• **THE TASK**
The reply should hold only the lines below beginning at the one with "援藏支邊,同心強國。12月1" and ending at the one with "Arancha y Belinda, todos", copied exactly, with every picture left out.

• **SOURCE INFORMATION**
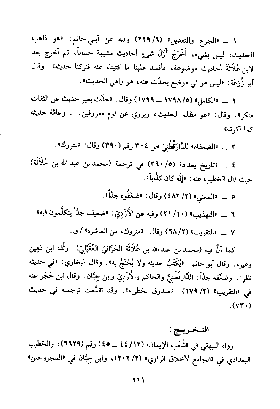 كما أنَّ فيه (محمد بن عبد اللَّه بن عُلَاثَة الحَرَّانِيّ العُقَيْلِي): وثَّقه ابن مَعِين وغيره. وقال أبو حاتم: "يُكْتَبُ حديثه ولا يُحْتَجُّ به". وقال البُخَاري: "في حديثه نظر". وضعَّفه جدًّا: الدَّارَقُطْنِيُّ والحاكم والأَزْدِيّ وابن حِبَّان. وقال ابن حَجَر عنه في "التقريب" (٢/ ١٧٩): "صدوق يخطئ". وقد تقدَّمت ترجمته في حديث (٧٣٠).
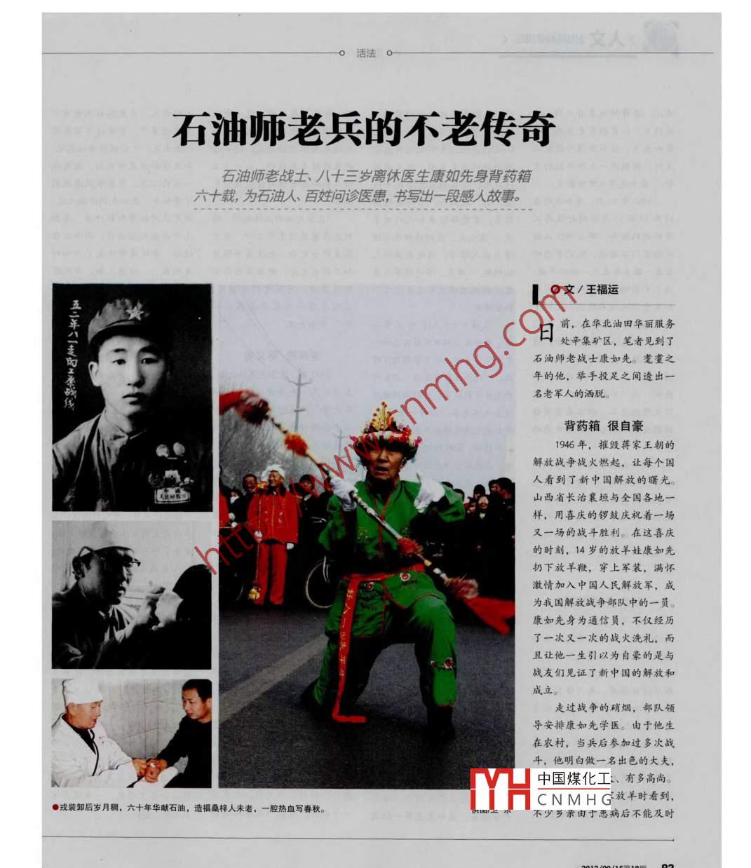 石油師老兵的不老傳奇石油師老戰(zhàn)土、八十三歲離休醫(yī)生康如先身背藥箱六十載,為石油人百姓問診醫(yī)患,書寫出一段感人故事?!蛭?王福運日前,在華北油田華麗服務(wù)處辛集礦區(qū),筆者見到了石油師老戰(zhàn)士康如先。耄耋之年的他,舉手投足之間透出一十名老軍人的酒脫。背藥箱很自豪._1946年,摧毀蔣家王朝的解放戰(zhàn)爭戰(zhàn)火燃起,讓每個國人看到了新中國解放的曙光。山西省長治襄垣與全國各地一樣,用喜慶的鑼鼓慶祝著一場又一場的戰(zhàn)斗勝利。在這喜慶的時刻,14 歲的放羊娃康如先扔下放羊鞭,穿上軍裝,滿懷激情加入中國人民解放軍,成為我國解放戰(zhàn)爭部隊中的一員??等缦壬頌橥ㄐ艈T,不僅經(jīng)歷了一次又一次的戰(zhàn)火洗禮,而且讓他一生引以為自豪的是與戰(zhàn)友們見證了新中國的解放和成立。走過戰(zhàn)爭的硝煙,部隊領(lǐng)導(dǎo)安排康如先學(xué)醫(yī)。由于他生在農(nóng)村,當兵后參加過多次戰(zhàn)斗,他明白做一名出色的大夫,中國煤化工、有多高尚。●戎裝卸后歲月稠,六十年華獻石油,造福桑梓人未老,一腔熱血寫春秋。CHCNMHG放羊時看到,不少鄉(xiāng)親由于悲病后不能及時2012/09/15第18用83
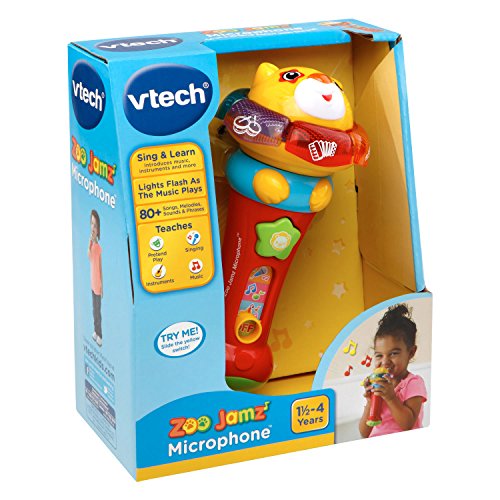 -. Binding : Toy -. Brand : VTech -. EAN : 3417761840009 -. Feature : Sing along to child-friendly songs with the Zoo Jamz Microphone using the colorful voice-amplifying microphone; 80+ songs, melodies, sounds, phrases / Get creative by turning the ring to add fun sound effects or speed up and slow down the tempo / Pressing the six light-up instrument buttons introduces your little one to each instrument and the sound that it makes / Play 10 melodies note by note using the instrument buttons in music; get Zoo Jamz Piano and Zoo Jamz Guitar to collect the whole band, sold separately / Requires 2 AAA batteries (batteries included for demo purposes only; new batteries recommended for regular use); intended for ages 18 months to 4 years -. Label : V Tech -. Manufacturer : V Tech -. Model : 80-184000 -. MPN : 80-184000 -. PackageQuantity : 1 -. PartNumber : 80-184000 -. ProductGroup : Toy -. ProductTypeName : TOYS_AND_GAMES -. Publisher : V Tech -. Studio : V Tech -. Title : VTech Zoo Jamz Microphone -. Warranty : 90 day warranty against manufacturer defects
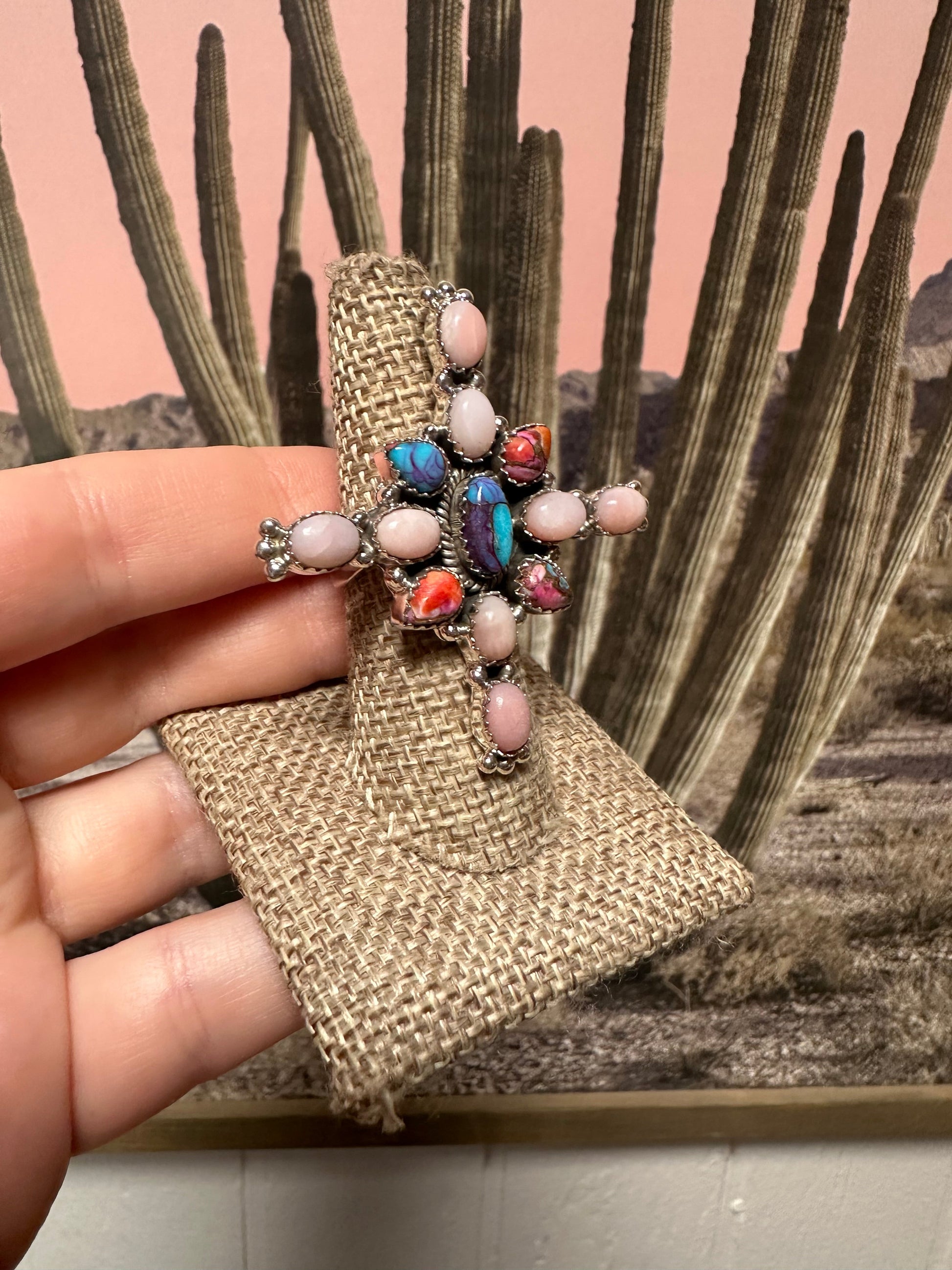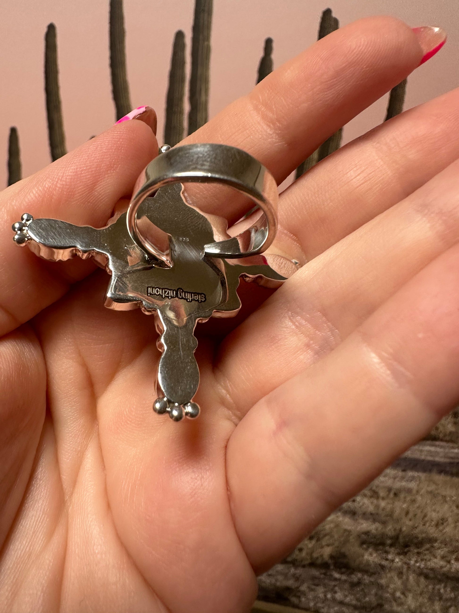Adjustable in size to wear on any finger. Beautiful stones. Beautiful details. Really great Ring. Measuring 2 inch long and 2 inch wide . Signed Nizhoni and stamped Sterling.
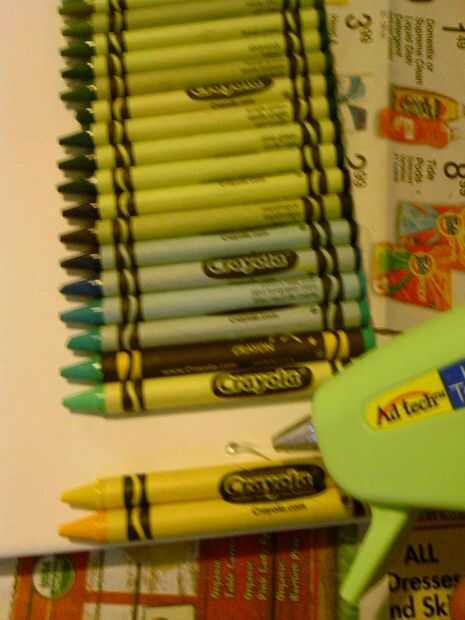 El arma de pegamento debe caliente por ahora y usted deben haber todos tus crayones solicitadas arreglado cómo desea que aparezcan en tu lienzo. Recomendamos sacar sólo un par de lápices de colores a la vez porque el pegamento se seca tan rápidamente. Aplique el pegamento caliente sobre el lienzo y rápidamente Coloque lápices de colores en la línea de pegamento. Continúe haciendo esto hasta que todos tus lápices de colores se pegan!
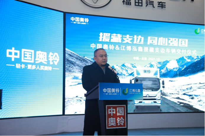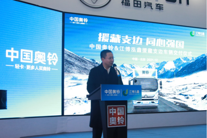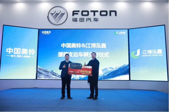 援藏支邊,同心強國。12月12日,中國奧鈴&江博泓鑫援藏支邊車輛交付儀式在北京八通華瑞汽車銷售公司內舉行。此次交付的國六車輛將作為京東生鮮的承運用車,遠赴平均海拔4500米的西藏阿里地區,成為奔跑在“世界屋脊的屋脊”上的運輸中堅力量。
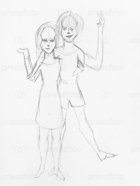 Эскиз счастливых девушек, нарисованный черным карандашом
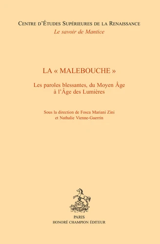 Pourquoi les paroles font-elles mal ? Quel mal spécifique les paroles méchantes infligent-elles ? "Male bouche" , le personnage du Roman de la Rose, est la figure tutélaire de cet ouvrage qui tente d'apporter des éléments de réponse à ces questions en analysant les raisons culturelles pour lesquelles, dans tel ou tel contexte historique, les meurtrissures infligées par la langue revêtent une signification particulière et en convoquant plusieurs objets d'étude, parmi lesquels le droit, la littérature, le théâtre, les pamphlets, les traités de civilité.
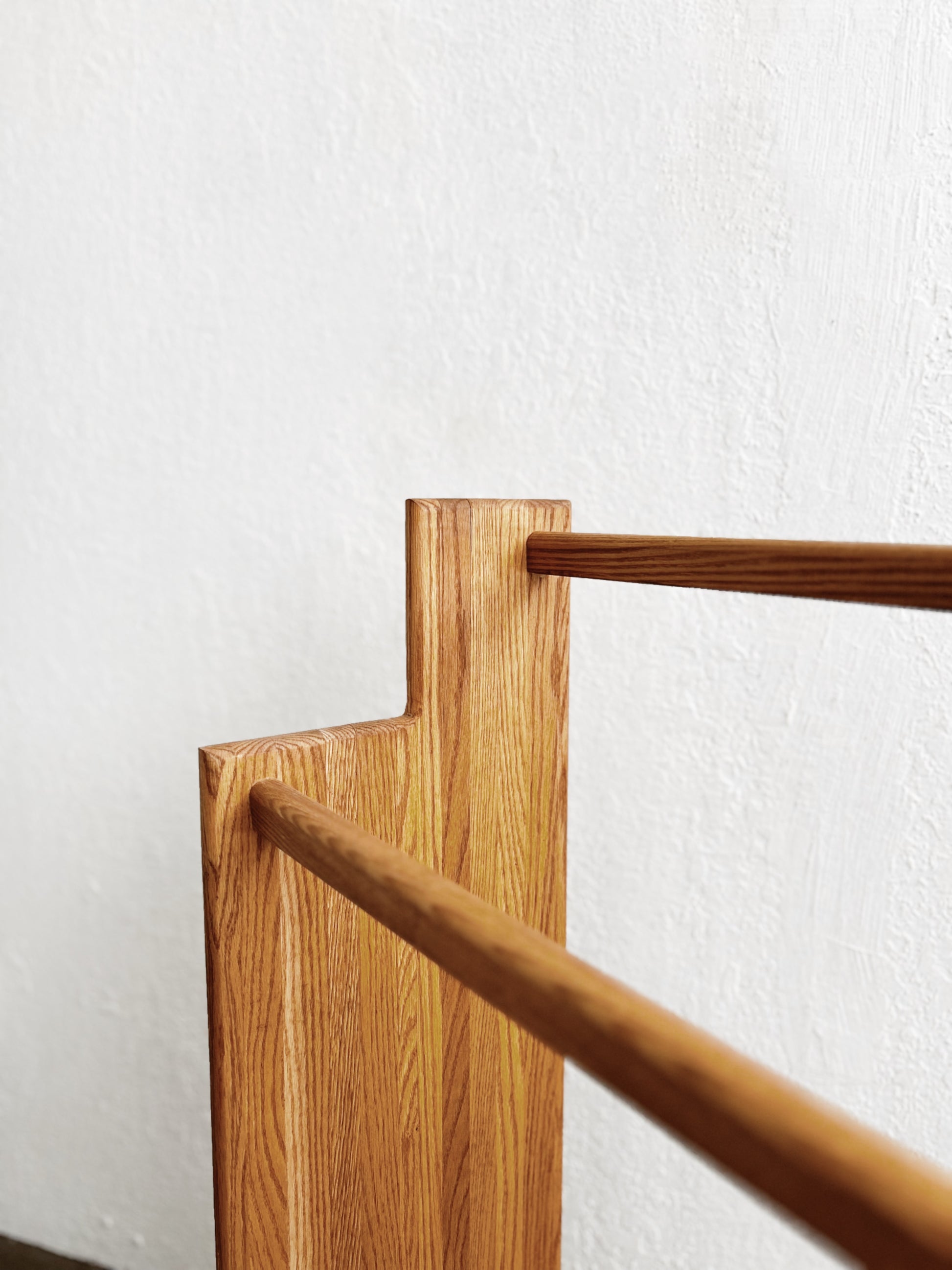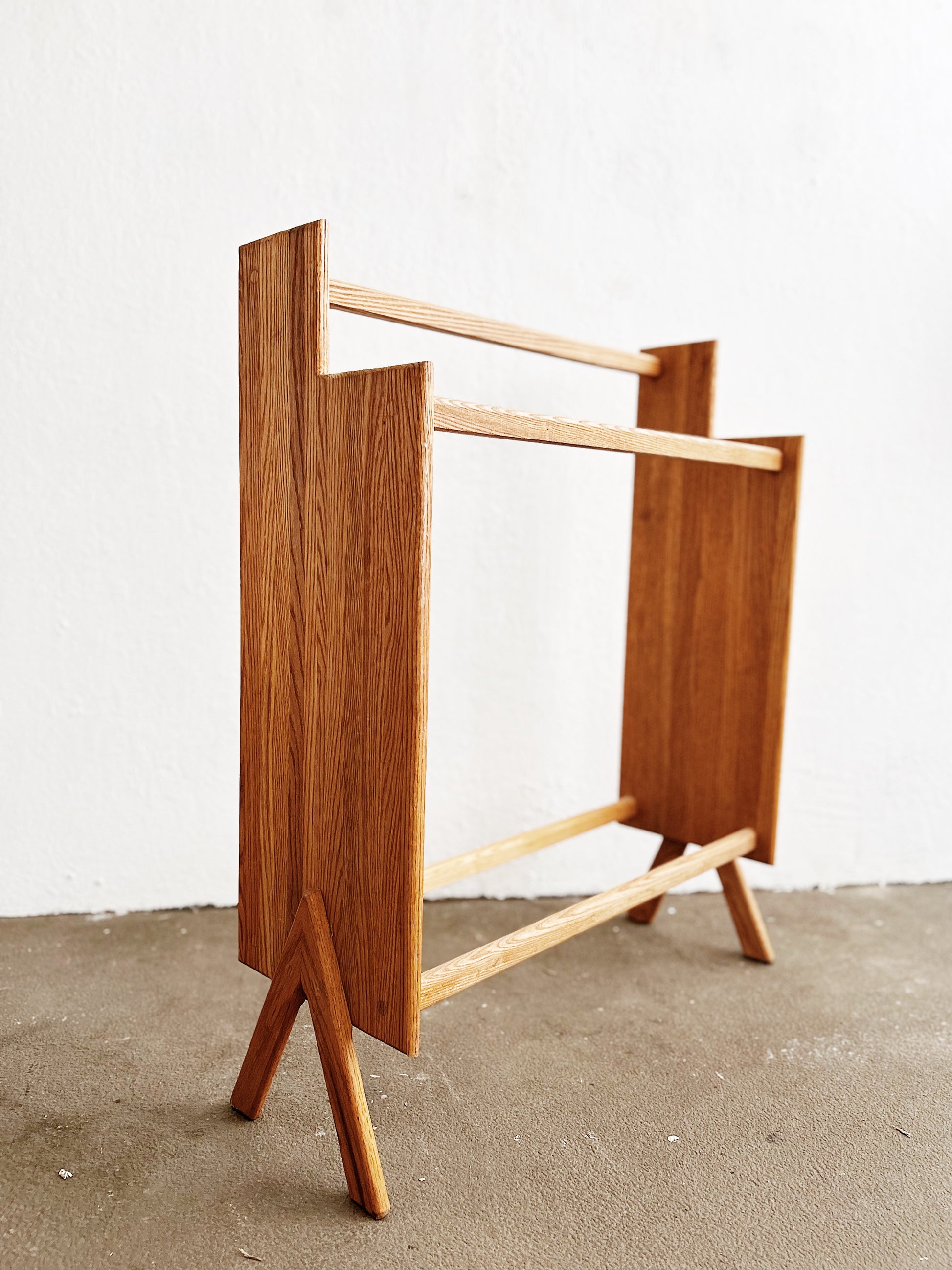 Such a great looking quilt rack. Modern craft design aesthetic, beautifully done. Solid oak.
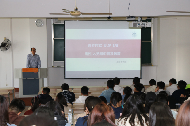 11月11日下午,“青春向党,筑梦飞翔”新生入党知识普及教育在二教2D306举行,外国语学院党委副书记刘伯贤作为主讲嘉宾出席会议,学院2020级新生参加本次会议。
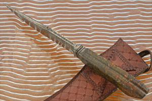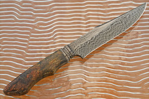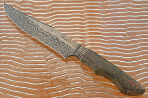 The 7-1/2 inch blade is forged from river of fire pattern damascus, forged from 1070 and 15N20 carbon steels. The river of fire pattern is perfectly controlled and shows his considerable skills in the forge. The high contrast pattern is easy to see even from a distance. Pescie's touchmark is on the left side of the blade. Because the blade is forged from carbon steel, we recommend using camellia oil to protect the blade from rust.
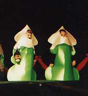 Arancha y Belinda, todos mezclados, árboles, nubes, muñecos
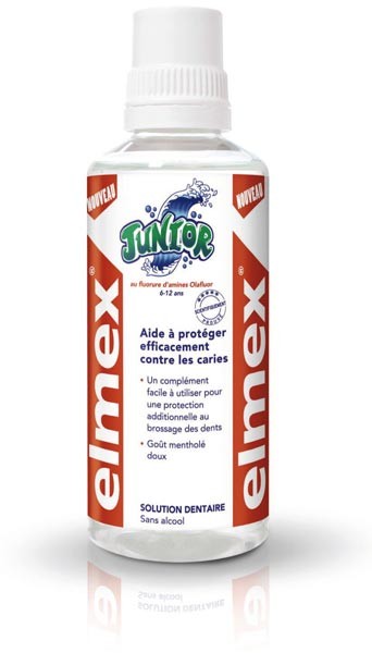 Outre le dentifrice et la brosse à dents, elmex propose désormais dans sa gamme Junior une solution dentaire à 250 ppm de fluorure d’amines Olafluor et fluorure de sodium spécifiquement conçue pour la denture mixte de l’enfant dès 6 ans. Utilisée pendant 30 secondes, en complément du brossage, elle est destinée à renforcer la protection contre les caries. « Elle dépose immédiatement sur les dents une couche protectrice qui favorise la reminéralisation de l’émail et la protection des dents contre les attaques acides bactériennes à l’origine des caries, et ce jusque dans les espaces interdentaires », indique le fabricant. Cette solution convient particulièrement aux porteurs d’appareils orthodontiques, toujours en complément d’un brossage soigneux et de l’utilisation d’accessoires interdentaires.
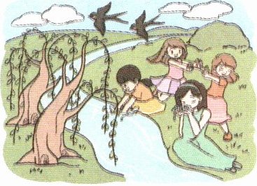 它看见燕子飞过天空,翅膀上裹着白云;它看见垂柳披上了长发,如雾如烟;它看见一群姑娘来到河边,水底立刻浮起一朵朵红莲,她们捧起了水,像抖落一片片花瓣……

• **RESULT FOR THIS TASK**
 援藏支邊,同心強國。12月12日,中國奧鈴&江博泓鑫援藏支邊車輛交付儀式在北京八通華瑞汽車銷售公司內舉行。此次交付的國六車輛將作為京東生鮮的承運用車,遠赴平均海拔4500米的西藏阿里地區,成為奔跑在“世界屋脊的屋脊”上的運輸中堅力量。
 Эскиз счастливых девушек, нарисованный черным карандашом
 Pourquoi les paroles font-elles mal ? Quel mal spécifique les paroles méchantes infligent-elles ? "Male bouche" , le personnage du Roman de la Rose, est la figure tutélaire de cet ouvrage qui tente d'apporter des éléments de réponse à ces questions en analysant les raisons culturelles pour lesquelles, dans tel ou tel contexte historique, les meurtrissures infligées par la langue revêtent une signification particulière et en convoquant plusieurs objets d'étude, parmi lesquels le droit, la littérature, le théâtre, les pamphlets, les traités de civilité.
 Such a great looking quilt rack. Modern craft design aesthetic, beautifully done. Solid oak.
 11月11日下午,“青春向党,筑梦飞翔”新生入党知识普及教育在二教2D306举行,外国语学院党委副书记刘伯贤作为主讲嘉宾出席会议,学院2020级新生参加本次会议。
 The 7-1/2 inch blade is forged from river of fire pattern damascus, forged from 1070 and 15N20 carbon steels. The river of fire pattern is perfectly controlled and shows his considerable skills in the forge. The high contrast pattern is easy to see even from a distance. Pescie's touchmark is on the left side of the blade. Because the blade is forged from carbon steel, we recommend using camellia oil to protect the blade from rust.
 Arancha y Belinda, todos mezclados, árboles, nubes, muñecos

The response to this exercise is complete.